— SOURCE DATA —

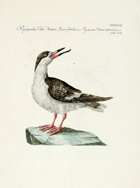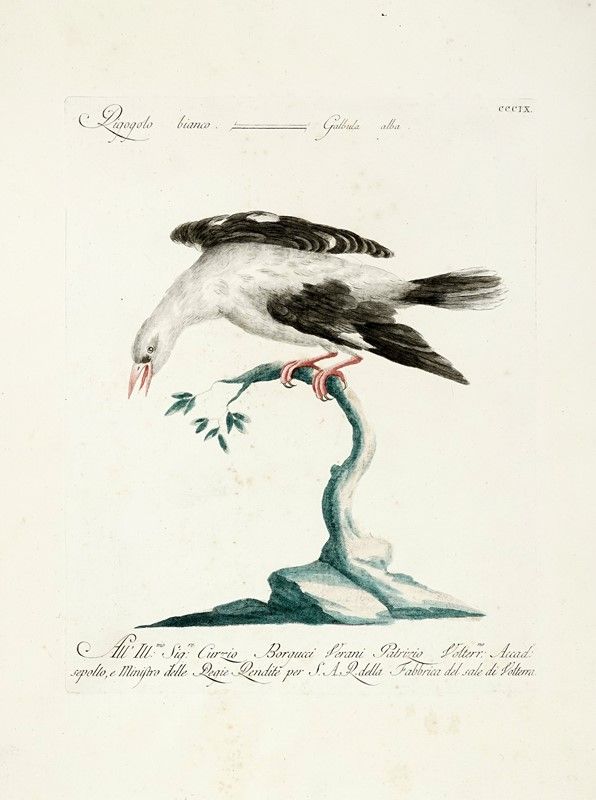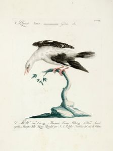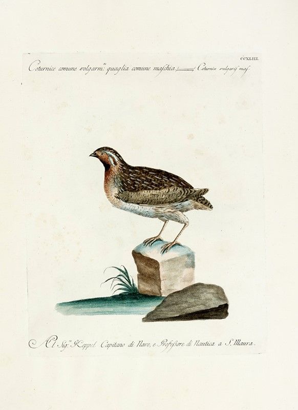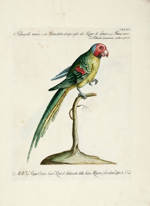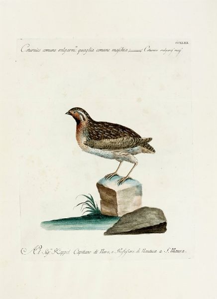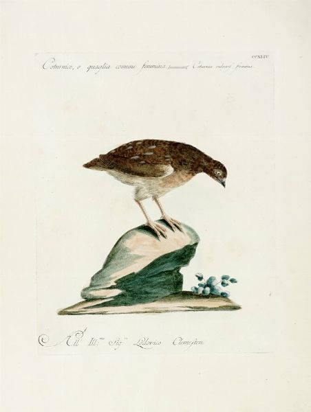 Lotto composto da sei incisioni all'acquaforte colorate a mano. mm 345x273/5 (ciascuna). Fogli: mm 490x375 (ciascuno). Tavole nn. CXXXII (Pappagallo minore), LXXX (Cucule celeste), CCXLIV (Coturnice o quaglia comune), CCXLIII (Coturnice comune), DXXXXVIII (Rigopsalia), CCIX (Rigogolo bianco), tratte dall'opera Ornithologia methodice digesta atque iconibus aeneis ad vivum illuminata ornata (latine et italice a Xav. Manetti Laurentio Lorenzi et Violante Vanni). Florentiae, 1767-76. In alto didascalia descrittiva delle immagini; in basso, su alcune tavole, dedicatoria.
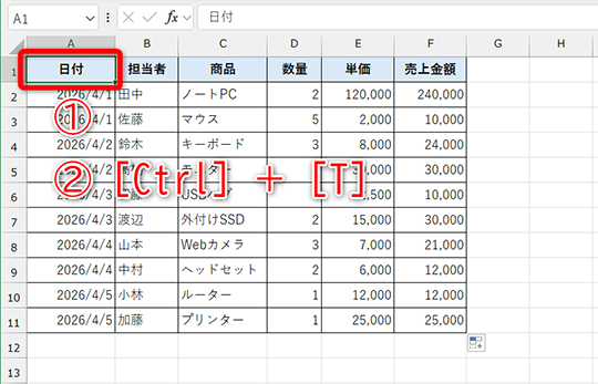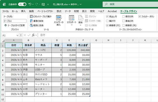 表をテーブルに変換すると、「データのまとまり」として扱われ、更新や集計のミスを防げるようになります。
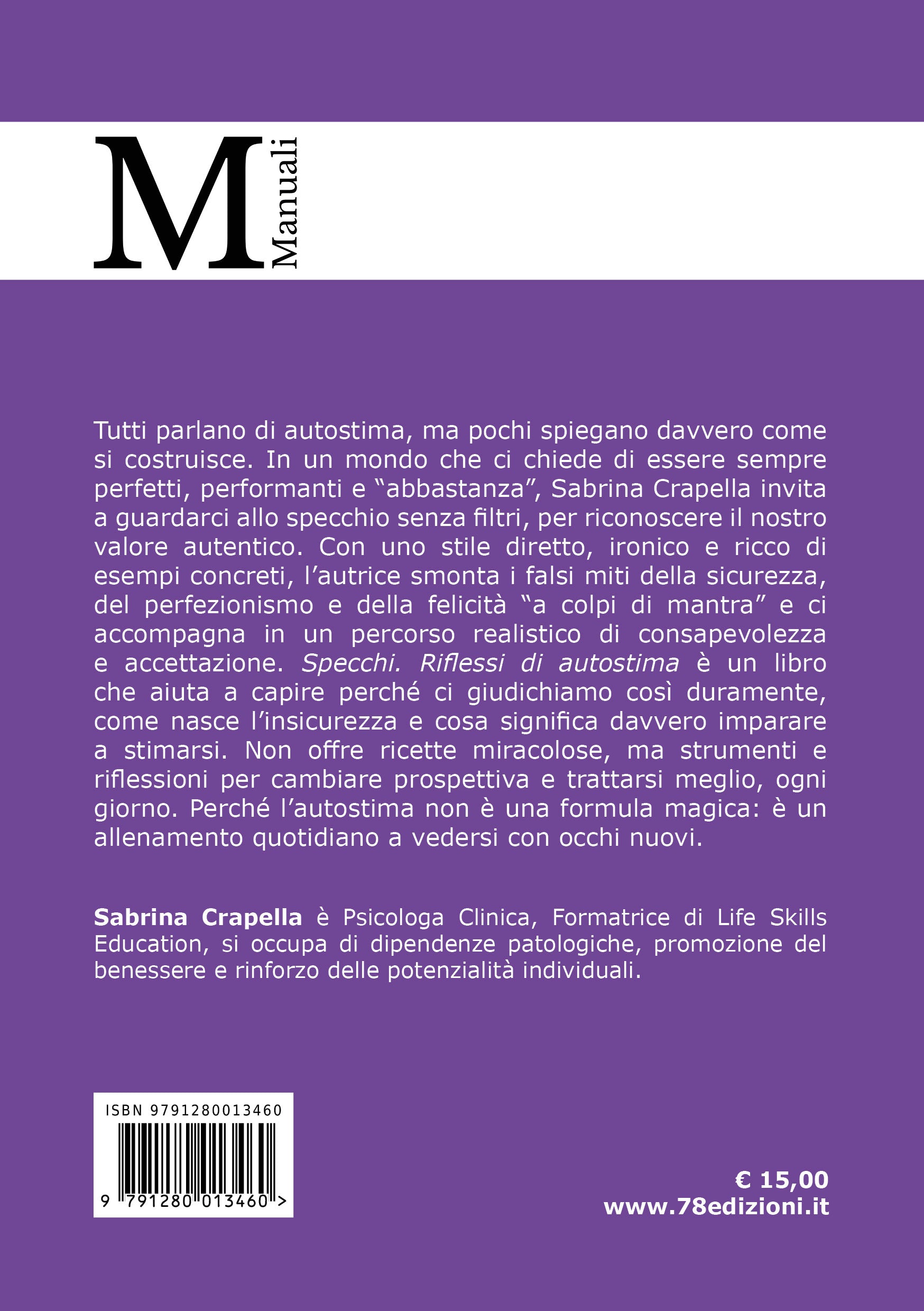 Tutti parlano di autostima, ma pochi spiegano davvero come si costruisce. In un mondo che ci chiede di essere sempre perfetti, performanti e “abbastanza”, Sabrina Crapella invita a guardarci allo specchio senza filtri, per riconoscere il nostro valore autentico. Con uno stile diretto, ironico e ricco di esempi concreti, l’autrice smonta i falsi miti della sicurezza, del perfezionismo e della felicità “a colpi di mantra” e ci accompagna in un percorso realistico di consapevolezza e accettazione. Specchi. Riflessi di autostima è un libro che aiuta a capire perché ci giudichiamo così duramente, come nasce l’insicurezza e cosa significa davvero imparare a stimarsi. Non offre ricette miracolose, ma strumenti e riflessioni per cambiare prospettiva e trattarsi meglio, ogni giorno. Perché l’autostima non è una formula magica: è un allenamento quotidiano a vedersi con occhi nuovi.

— ASSIGNMENT —
Reprint the data verbatim, pictures excluded.

— RESULT OF THE EXERCISE —
 Lotto composto da sei incisioni all'acquaforte colorate a mano. mm 345x273/5 (ciascuna). Fogli: mm 490x375 (ciascuno). Tavole nn. CXXXII (Pappagallo minore), LXXX (Cucule celeste), CCXLIV (Coturnice o quaglia comune), CCXLIII (Coturnice comune), DXXXXVIII (Rigopsalia), CCIX (Rigogolo bianco), tratte dall'opera Ornithologia methodice digesta atque iconibus aeneis ad vivum illuminata ornata (latine et italice a Xav. Manetti Laurentio Lorenzi et Violante Vanni). Florentiae, 1767-76. In alto didascalia descrittiva delle immagini; in basso, su alcune tavole, dedicatoria.
 表をテーブルに変換すると、「データのまとまり」として扱われ、更新や集計のミスを防げるようになります。
 Tutti parlano di autostima, ma pochi spiegano davvero come si costruisce. In un mondo che ci chiede di essere sempre perfetti, performanti e “abbastanza”, Sabrina Crapella invita a guardarci allo specchio senza filtri, per riconoscere il nostro valore autentico. Con uno stile diretto, ironico e ricco di esempi concreti, l’autrice smonta i falsi miti della sicurezza, del perfezionismo e della felicità “a colpi di mantra” e ci accompagna in un percorso realistico di consapevolezza e accettazione. Specchi. Riflessi di autostima è un libro che aiuta a capire perché ci giudichiamo così duramente, come nasce l’insicurezza e cosa significa davvero imparare a stimarsi. Non offre ricette miracolose, ma strumenti e riflessioni per cambiare prospettiva e trattarsi meglio, ogni giorno. Perché l’autostima non è una formula magica: è un allenamento quotidiano a vedersi con occhi nuovi.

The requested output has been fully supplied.